**DATA:**
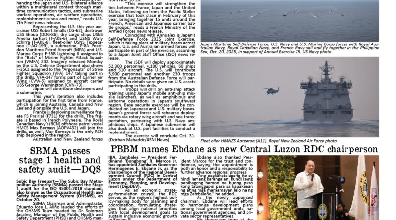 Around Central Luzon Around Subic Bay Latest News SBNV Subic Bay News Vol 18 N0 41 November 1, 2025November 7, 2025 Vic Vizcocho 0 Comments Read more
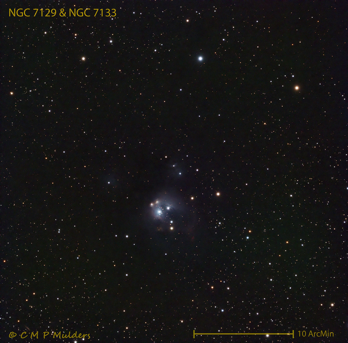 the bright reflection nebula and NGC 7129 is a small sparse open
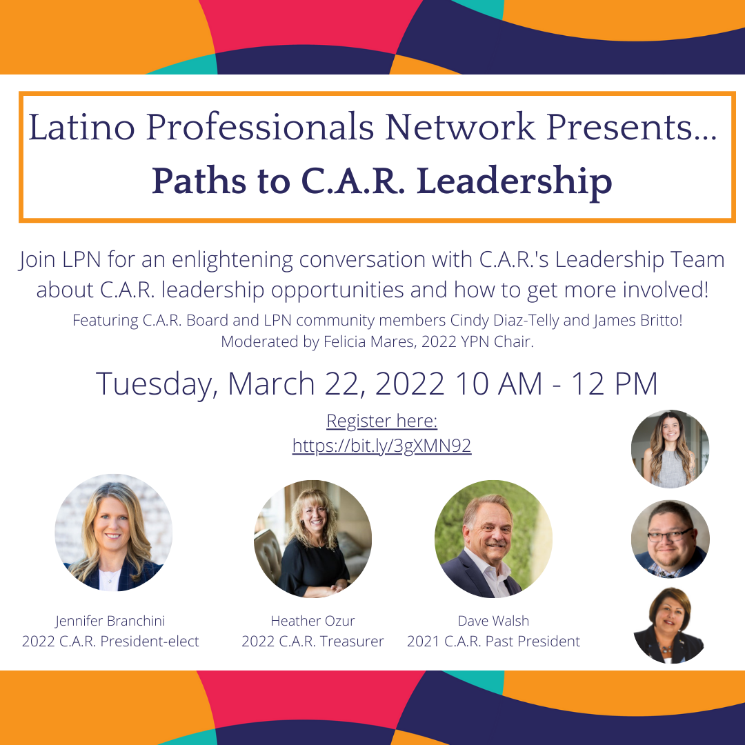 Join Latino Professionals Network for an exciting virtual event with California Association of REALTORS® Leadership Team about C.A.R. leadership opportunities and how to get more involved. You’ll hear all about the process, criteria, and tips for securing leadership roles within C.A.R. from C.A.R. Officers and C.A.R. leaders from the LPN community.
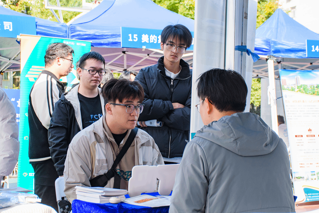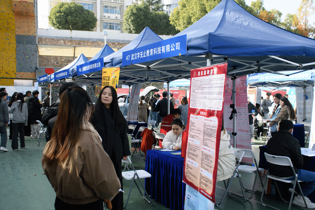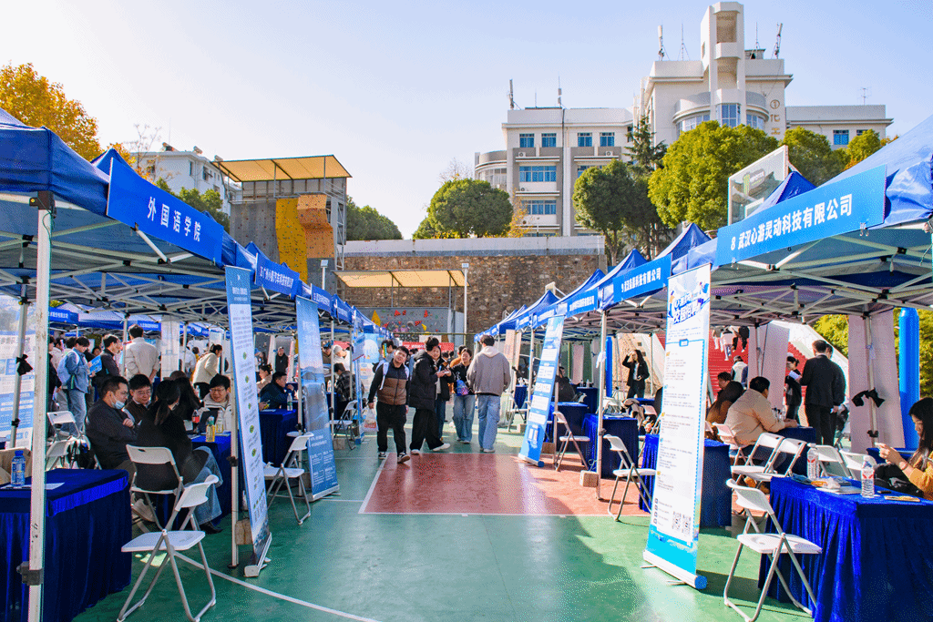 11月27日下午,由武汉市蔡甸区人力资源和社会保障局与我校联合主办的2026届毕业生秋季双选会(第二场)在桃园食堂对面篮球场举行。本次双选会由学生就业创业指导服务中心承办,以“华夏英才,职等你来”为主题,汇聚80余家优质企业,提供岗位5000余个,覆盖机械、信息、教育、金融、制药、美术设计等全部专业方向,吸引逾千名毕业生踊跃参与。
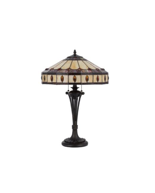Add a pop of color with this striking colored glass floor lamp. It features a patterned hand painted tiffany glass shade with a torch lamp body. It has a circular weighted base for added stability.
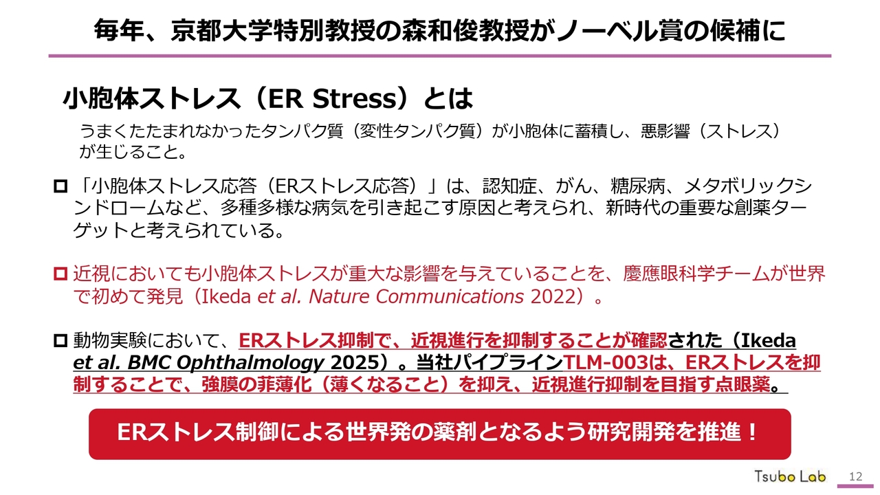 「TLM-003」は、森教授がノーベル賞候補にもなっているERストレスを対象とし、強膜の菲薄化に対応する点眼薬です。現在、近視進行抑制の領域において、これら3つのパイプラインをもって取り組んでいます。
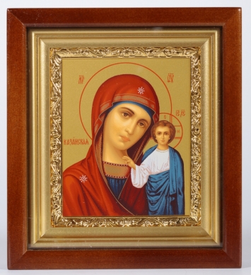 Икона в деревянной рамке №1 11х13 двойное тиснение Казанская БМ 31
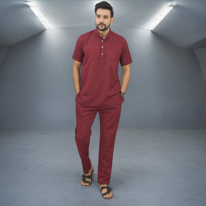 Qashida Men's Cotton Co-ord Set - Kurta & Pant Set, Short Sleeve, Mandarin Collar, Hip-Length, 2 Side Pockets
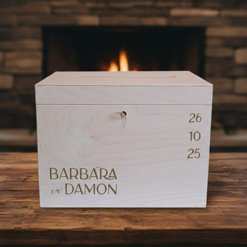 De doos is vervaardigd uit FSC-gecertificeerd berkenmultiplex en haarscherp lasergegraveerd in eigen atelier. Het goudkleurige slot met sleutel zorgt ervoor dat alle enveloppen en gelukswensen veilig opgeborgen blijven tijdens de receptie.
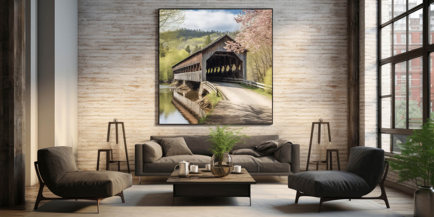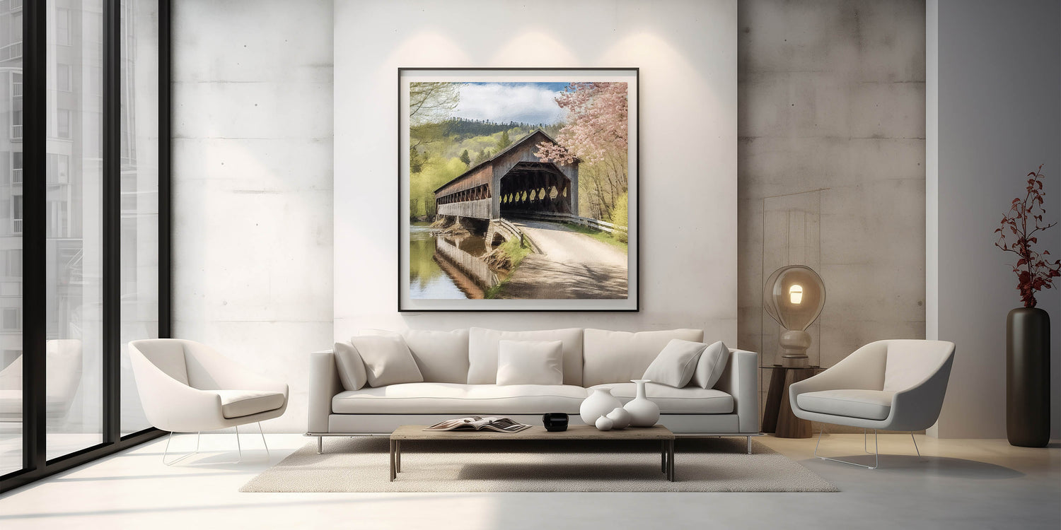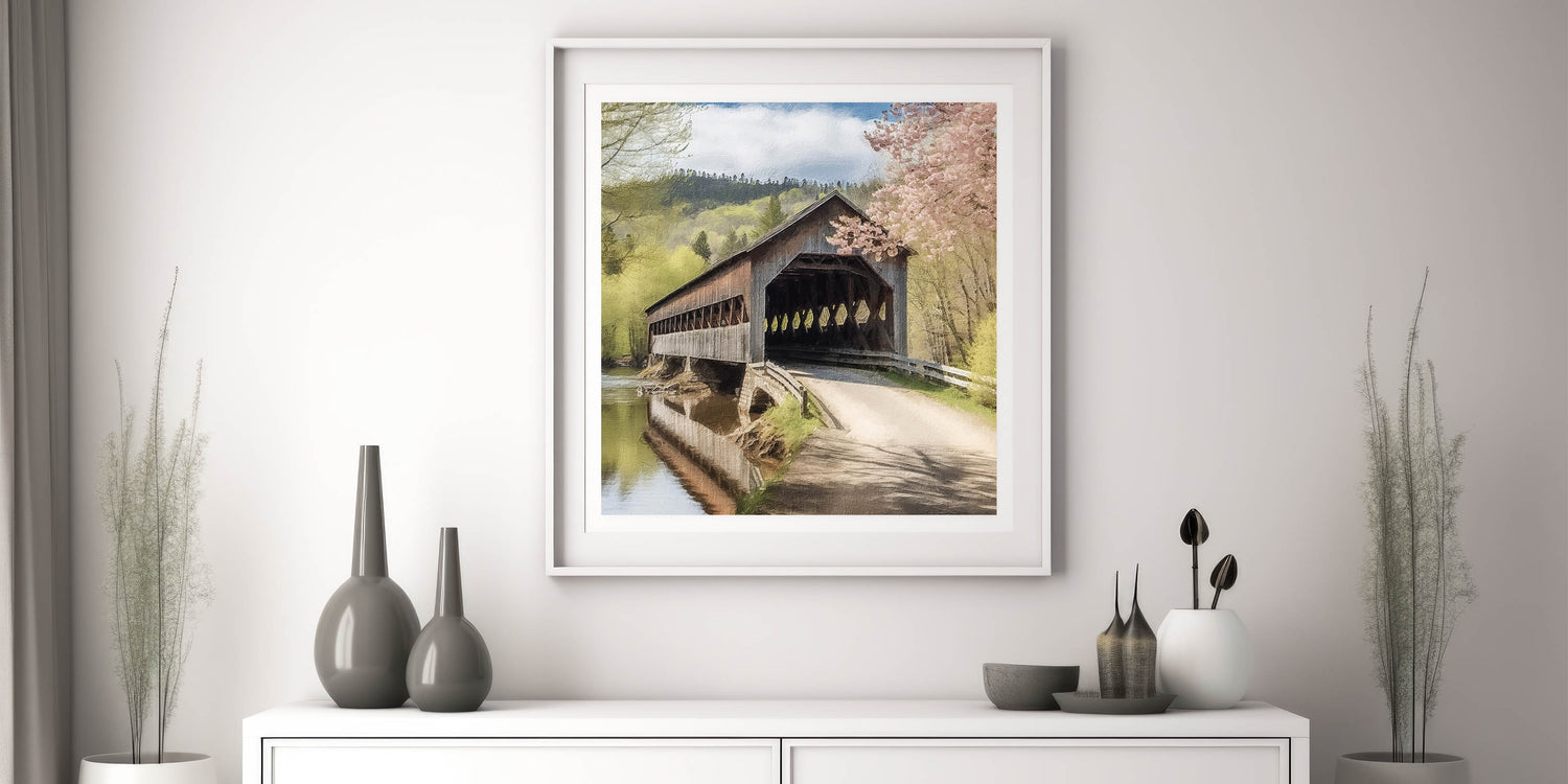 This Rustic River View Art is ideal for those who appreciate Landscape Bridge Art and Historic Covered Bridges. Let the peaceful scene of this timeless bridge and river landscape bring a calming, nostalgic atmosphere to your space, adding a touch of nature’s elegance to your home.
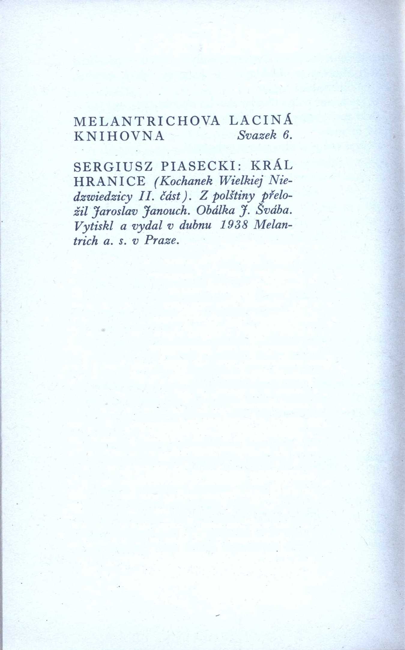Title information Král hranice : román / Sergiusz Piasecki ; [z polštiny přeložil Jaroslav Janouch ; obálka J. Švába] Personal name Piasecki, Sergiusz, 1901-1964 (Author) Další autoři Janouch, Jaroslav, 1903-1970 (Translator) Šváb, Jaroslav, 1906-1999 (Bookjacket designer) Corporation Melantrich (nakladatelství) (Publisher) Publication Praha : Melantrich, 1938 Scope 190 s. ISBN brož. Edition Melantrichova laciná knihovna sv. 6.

**TASK TO COMPLETE:**
What is needed here is an exact transcription of every record above, with images excluded.

**RESULT OF THIS EXERCISE:**
 Around Central Luzon Around Subic Bay Latest News SBNV Subic Bay News Vol 18 N0 41 November 1, 2025November 7, 2025 Vic Vizcocho 0 Comments Read more
 the bright reflection nebula and NGC 7129 is a small sparse open
 Join Latino Professionals Network for an exciting virtual event with California Association of REALTORS® Leadership Team about C.A.R. leadership opportunities and how to get more involved. You’ll hear all about the process, criteria, and tips for securing leadership roles within C.A.R. from C.A.R. Officers and C.A.R. leaders from the LPN community.
 11月27日下午,由武汉市蔡甸区人力资源和社会保障局与我校联合主办的2026届毕业生秋季双选会(第二场)在桃园食堂对面篮球场举行。本次双选会由学生就业创业指导服务中心承办,以“华夏英才,职等你来”为主题,汇聚80余家优质企业,提供岗位5000余个,覆盖机械、信息、教育、金融、制药、美术设计等全部专业方向,吸引逾千名毕业生踊跃参与。
Add a pop of color with this striking colored glass floor lamp. It features a patterned hand painted tiffany glass shade with a torch lamp body. It has a circular weighted base for added stability.
 「TLM-003」は、森教授がノーベル賞候補にもなっているERストレスを対象とし、強膜の菲薄化に対応する点眼薬です。現在、近視進行抑制の領域において、これら3つのパイプラインをもって取り組んでいます。
 Икона в деревянной рамке №1 11х13 двойное тиснение Казанская БМ 31
 Qashida Men's Cotton Co-ord Set - Kurta & Pant Set, Short Sleeve, Mandarin Collar, Hip-Length, 2 Side Pockets
 De doos is vervaardigd uit FSC-gecertificeerd berkenmultiplex en haarscherp lasergegraveerd in eigen atelier. Het goudkleurige slot met sleutel zorgt ervoor dat alle enveloppen en gelukswensen veilig opgeborgen blijven tijdens de receptie.
 This Rustic River View Art is ideal for those who appreciate Landscape Bridge Art and Historic Covered Bridges. Let the peaceful scene of this timeless bridge and river landscape bring a calming, nostalgic atmosphere to your space, adding a touch of nature’s elegance to your home.
Title information Král hranice : román / Sergiusz Piasecki ; [z polštiny přeložil Jaroslav Janouch ; obálka J. Švába] Personal name Piasecki, Sergiusz, 1901-1964 (Author) Další autoři Janouch, Jaroslav, 1903-1970 (Translator) Šváb, Jaroslav, 1906-1999 (Bookjacket designer) Corporation Melantrich (nakladatelství) (Publisher) Publication Praha : Melantrich, 1938 Scope 190 s. ISBN brož. Edition Melantrichova laciná knihovna sv. 6.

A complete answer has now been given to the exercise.